Tesla is the heart of Musk’s empire because it’s the source of Musk’s cash. Because he doesn’t want to lose his stake in the company he avoids selling his stock, preferring to borrow against its value (he also avoids capital gains taxes this way). Though this provides him with a huge amount of cash by any reasonable standard, the exact amount of which is unknowable, it’s a fraction of his paper wealth. Between late 2021 when he sold roughly $20b in Tesla stock and 2022 when he dumped it all into the Twitter deal, may well have been the absolute peak of his cash-on-hand liquidity.
That means if Tesla goes bankrupt, Musk has a cash crunch. Before that happens, once Tesla stock goes below a certain price, Musk gets a margin call that forces him to sell more stock, fueling a death spiral. When that takes place, Musk can only sell chunks of his remaining non-businesses to the most desperate chumps he can find, effectively burning the furniture for firewood. All of that wealth represents confidence, not functioning profitable businesses, and once confidence starts to ebb it tends to do so with accelerating speed.
Tesla is the symbol of Musk’s midas touch, and it’s the source of his tangible cash. It’s also the Musk company that’s most dependent on consumer taste and public goodwill, giving the public countless touch points for social pressure of all kinds. The direct line between making the Tesla brand toxic, pushing Tesla into bankruptcy, and bringing Elon Musk’s entire empire down around his ears makes this the perfect lever on which to push back against this unelected oligarch.

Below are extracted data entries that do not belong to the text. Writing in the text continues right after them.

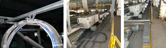 4.2對裝車機(jī)移動電源線進(jìn)行了改善:由于原來設(shè)計失誤,電源線采用吊掛移動式,在小車頻繁的移動過程中,發(fā)生掛鉤脫落故障,由于崗位人員沒有及時發(fā)現(xiàn),造成小車移動時對電源線,氣管、信號線壓斷,造成停機(jī)故障。采用托鏈?zhǔn)教娲鯍焓揭苿有≤囍麟娫矗ㄒ妶D5)。
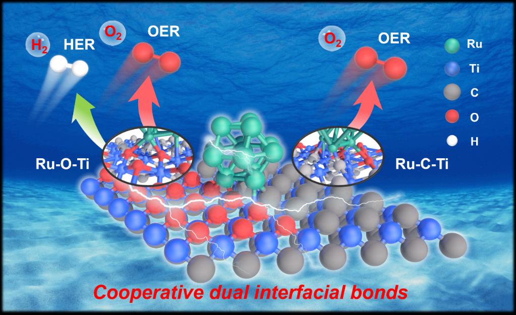 近日,西安交大电气工程学院、电工材料电气绝缘全国重点实验室相关科研团队成功研制出 Ru/Ti3C2Ox@NF 海水电解双功能电催化剂。该催化剂以泡沫镍为基底,通过精准电沉积技术将超低负载量钌团簇锚定在Ti3C2Ox纳米片表面,形成 “活性位点——导电骨架” 紧密结合的复合结构。此设计让催化剂兼具出色电催化活性与超强结构稳定性,其优异性能源于独特的界面键合作用:Ti3C2Ox的氧、碳端基分别与钌团簇形成 Ru–O–Ti 和 Ru–C–Ti 键,两键协同引导界面电荷定向重分布,既优化了反应中间体吸附能力,又加快了析氢、析氧反应动力学。该研究突破了海水电解催化剂活性与稳定性难兼顾的瓶颈,阐明了界面键合的调控机制,为复杂电解质环境高效双功能电催化剂的开发提供了新思路。
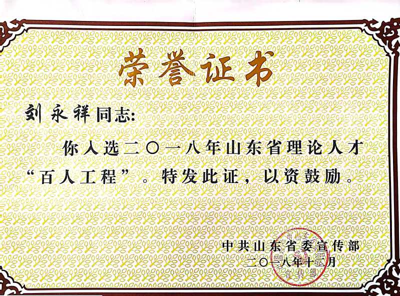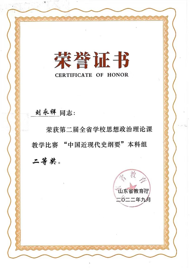 刘永祥副教授获获山东省理论人才“百人工程”优秀理论成果奖,获2022年山东省思政课教学比赛二等奖。
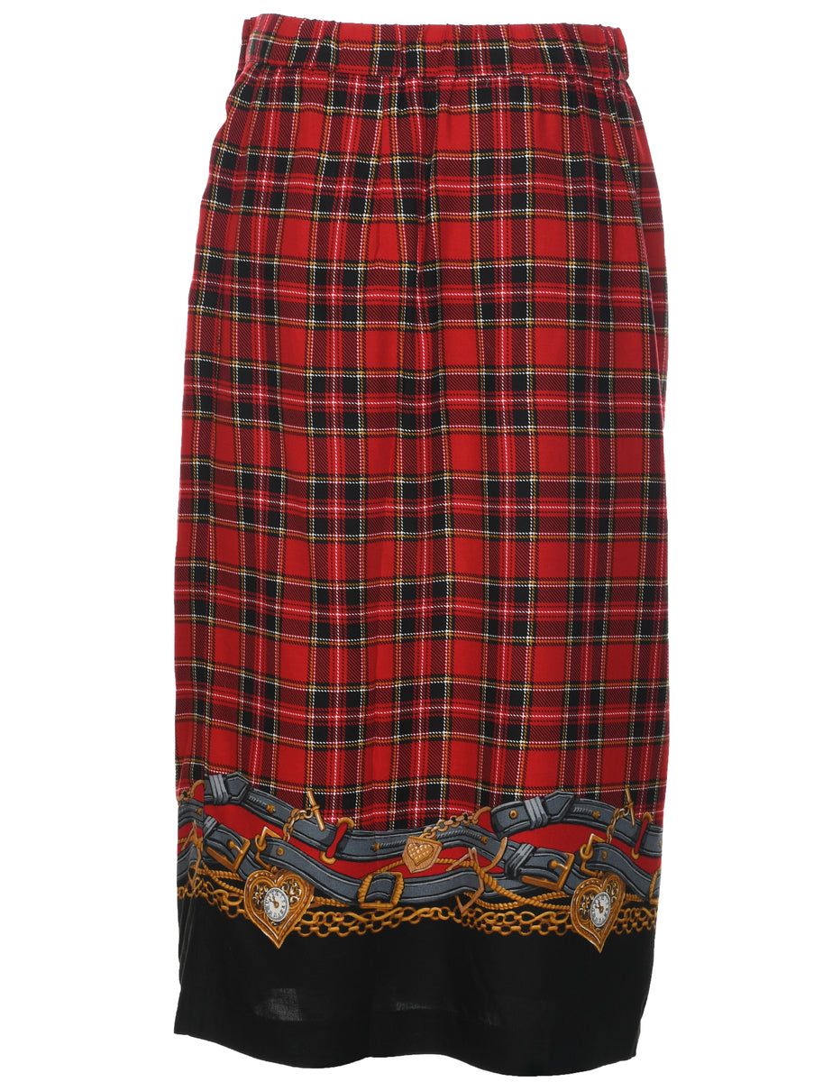 Tartan pencil skirt. Koret in red with an elasticized back and pleating.
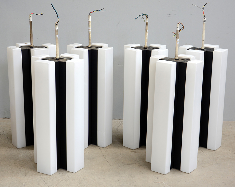 Lotto composto da sei lampade a sospensione a croce. Produzione Trilux, anni '70. Metallo laccato bianco e plexiglass. (cm 30x66x30) (difetti)
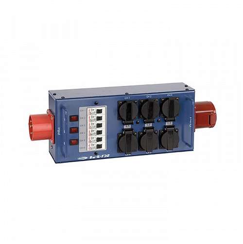 20: Showtec Powersplitter 32 ( Powersplit mit Sicherung ): Features:Power-Input: 380V, 32 Ampere Input-Output: 5 Pol 32 Amp CEE Power-Output: 6x 230V, 16 Ampere Output-Anschluss: Schuko Sicherung: C-16 Maße (LxBxH): 477 x 164 x 127mm Gewicht: 4,2 kgPA-Equipm
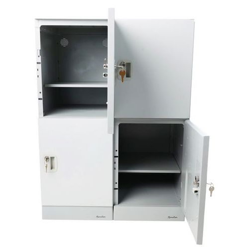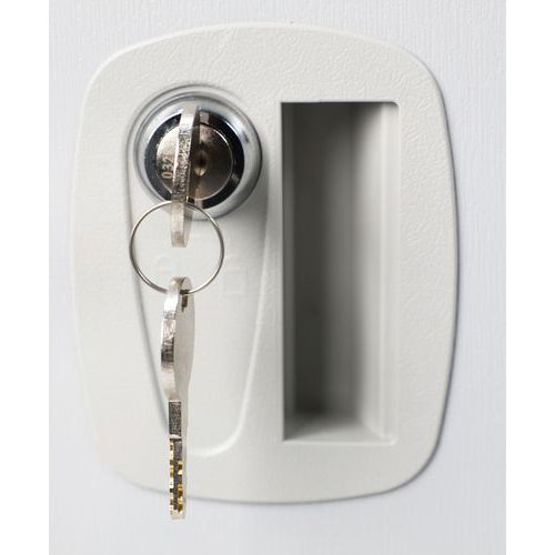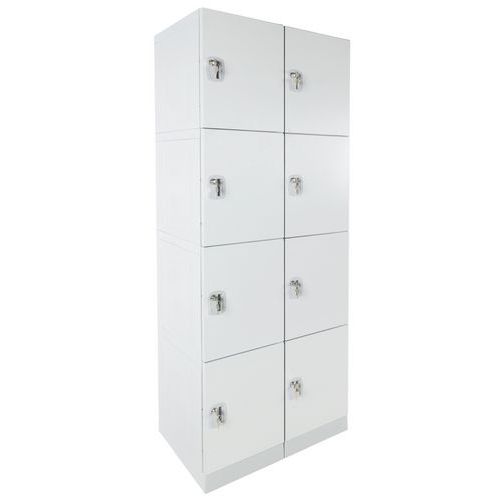 Cacifo em plástico multicompartimentos para montagem pelo utilizador. Fabrico ultrarrobusto em poliestireno antichoque (HIPS). Revestimento da porta: película decorativa de alta tecnologia. Fecho com chave integrado em sistema de fechadura mecânica. Utilização, de preferência, em espaços interiores. Dobradiças em poliamida. Carga máxima (interior/superfície): 50 kg. Garantia do cliente : 10 anos Montagem : Para montar
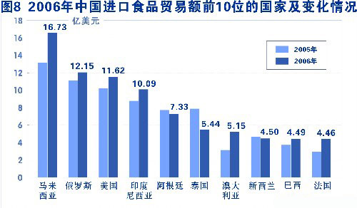 中国的进口食品来自世界上143个国家和地区,向中国出口食品货值列前10位的国家分别为:马来西亚、俄罗斯、美国、印度尼西亚、阿根廷、泰国、澳大利亚、新西兰、巴西、法国(见图8)。
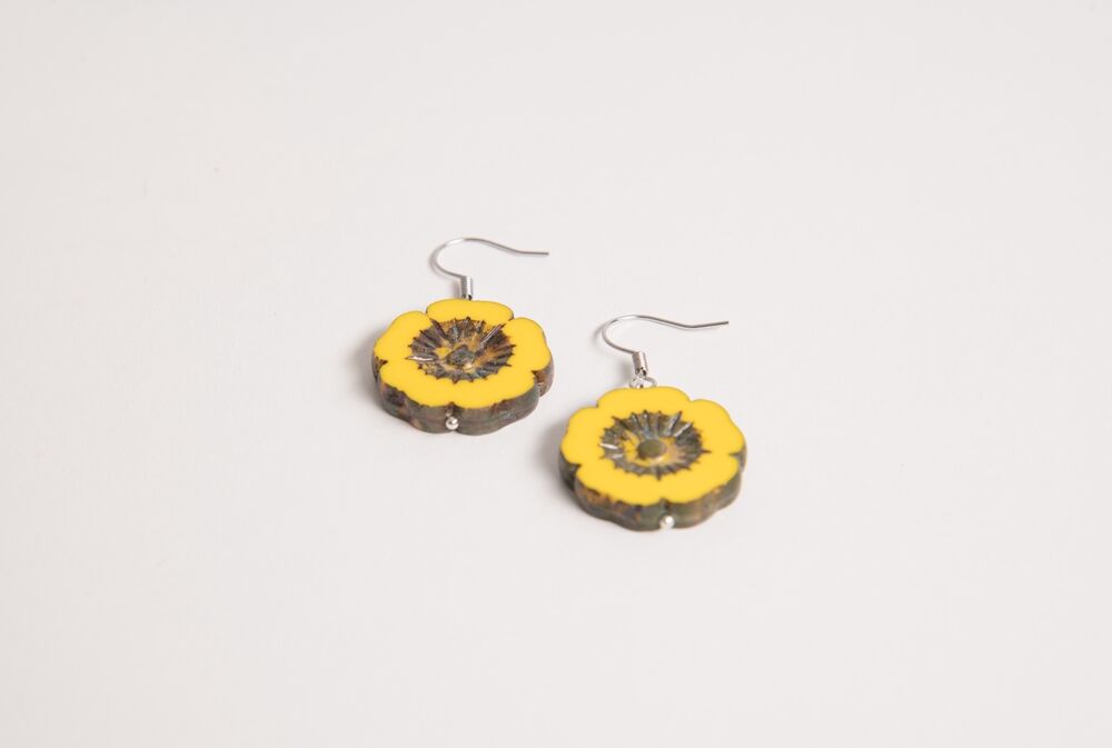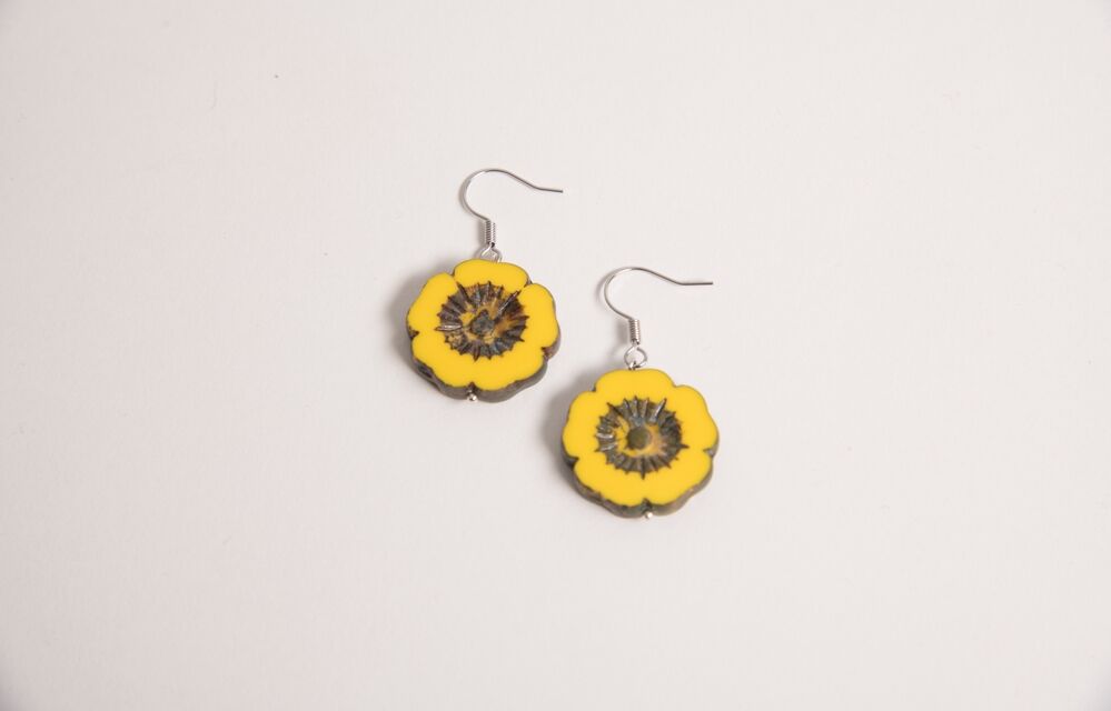 Kollasest klaasist lillemotiividega 22mm kõrvarõngad, lühike haak
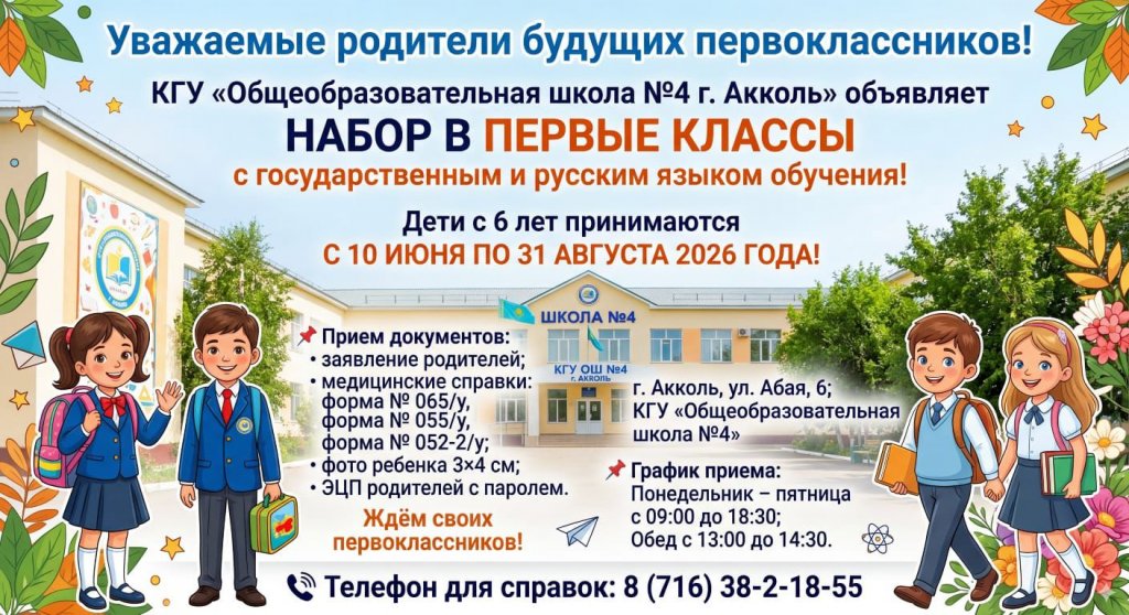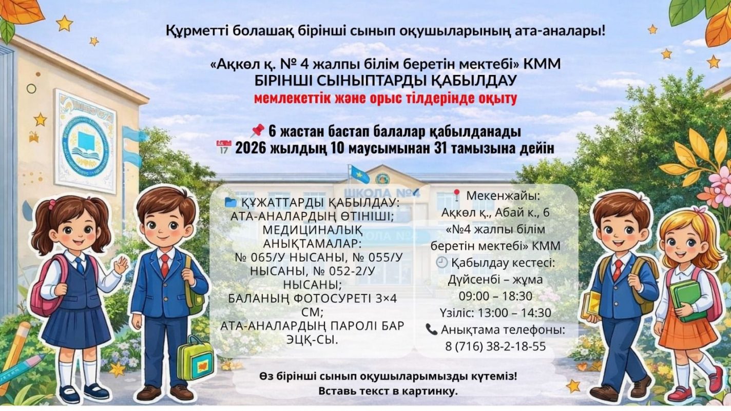 Назар аударыңыздар! 1-сыныпқа қабылдау басталды
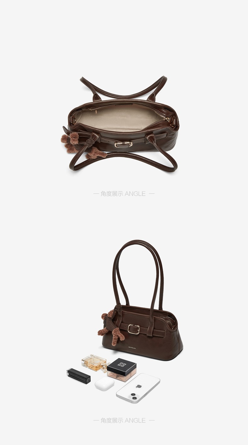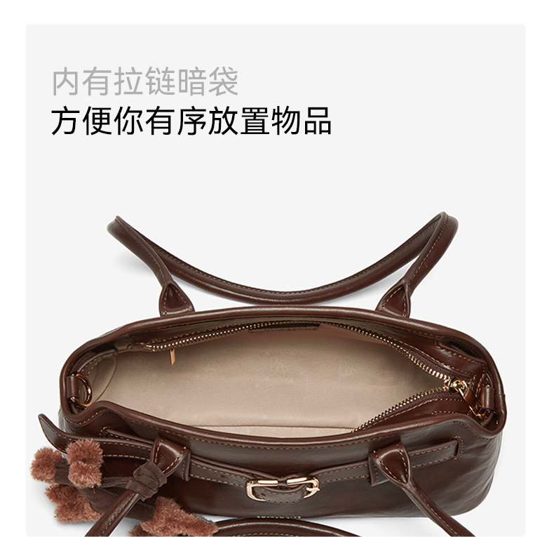 | 包的规格:W300*H150*D110MM | 内部结构:拉链暗袋 | 背带方式:单肩/斜挎 | 风格:OL通勤 | 色系:咖啡色 |
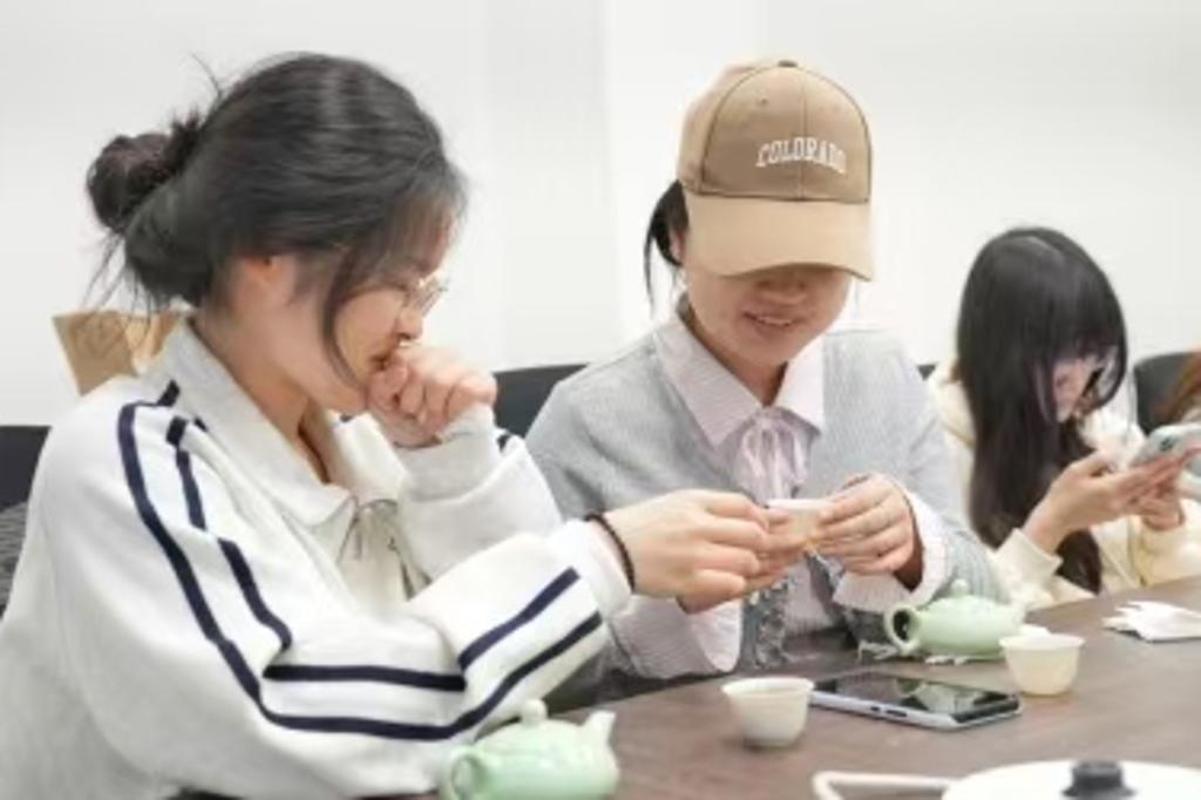 分享环节,参与学生静心品饮,慢品碧螺春的茶汤滋味,感受其鲜爽醇厚、回甘持久的独特口感,并围绕品茶感受、茶艺体验、文化感悟等内容展开交流。大家在细品茶香的过程中,静心体悟茶文化的精神内核,在沉浸式体验中接受中华优秀传统文化的熏陶,提升文化修养与心境境界。
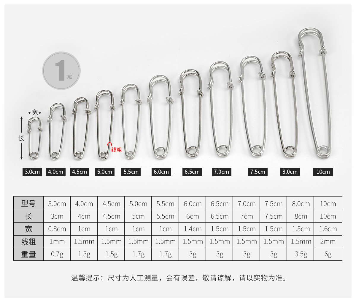 大ピン:3.0cm(シルバーホワイト),大ピン:3.0cm(ライトゴールド),大ピン:4.0cm(シルバーホワイト),大ピン:4.0cm(ライトゴールド),大ピン:5.0cm(シルバーホワイト),大ピン:5.0cm(ライトゴールド),大ピン:6.0cm(シルバーホワイト),大ピン:6.0cm(ライトゴールド),大ピン:6.5cm(シルバーホワイト),大ピン:6.5cm(ライトゴールド),大ピン:7.0cm(シルバーホワイト),大ピン:7.0cm(ライトゴールド),大ピン:7.5cm(シルバーホワイト),大ピン:7.5cm(ライトゴールド),大ピン:10.0cm(シルバーホワイト),大ピン:10.0cm(ライトゴールド),吊り下げメッキ大ピン:10.0cm(シルバーホワイト),大型吊りメッキピン:10.0cm(ライトゴールド)
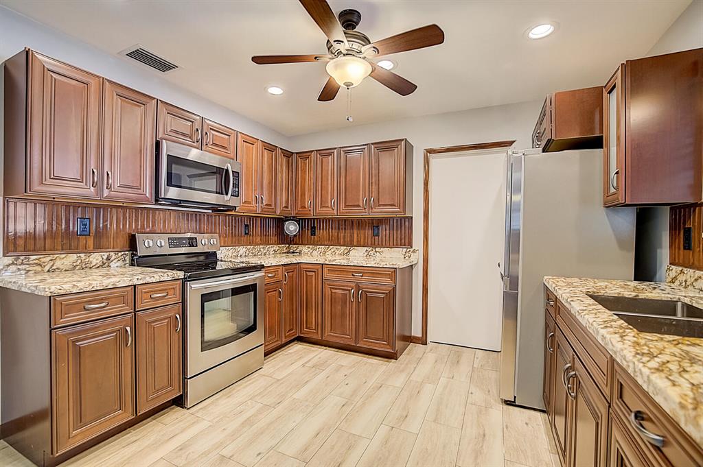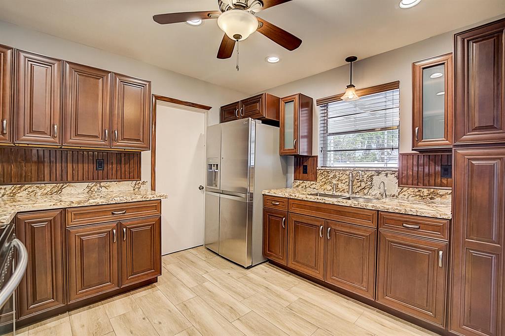 This Miramar one-story home offers granite countertops.

This is not taking on the cash-printing machines of Facebook and Amazon, which are also products that are relatively difficult to get people to boycott. Tesla is a failing company selling expensive EVs, for which there are many perfectly adequate alternatives. By taking it down, we have the opportunity to bring down a billionaire who is doing untold harm on our government, and the world. The combination of possibility and impact is hard to beat.
Protests are only one way to implement the Tesla Takedown. Anything legal that reduces Tesla’s revenue or increases its costs helps bring this unique opportunity a little closer. Most importantly, spreading information, pushing back against the thoughtless repetition of his mythology, is how we attack the root of the problem. Musk’s empire rests on Tesla’s stock price, which rests on the perception that he must be good at business. When that illusion finally shatters, everything will fall apart.
In the meantime, I’ll see you at the next Tesla store protest.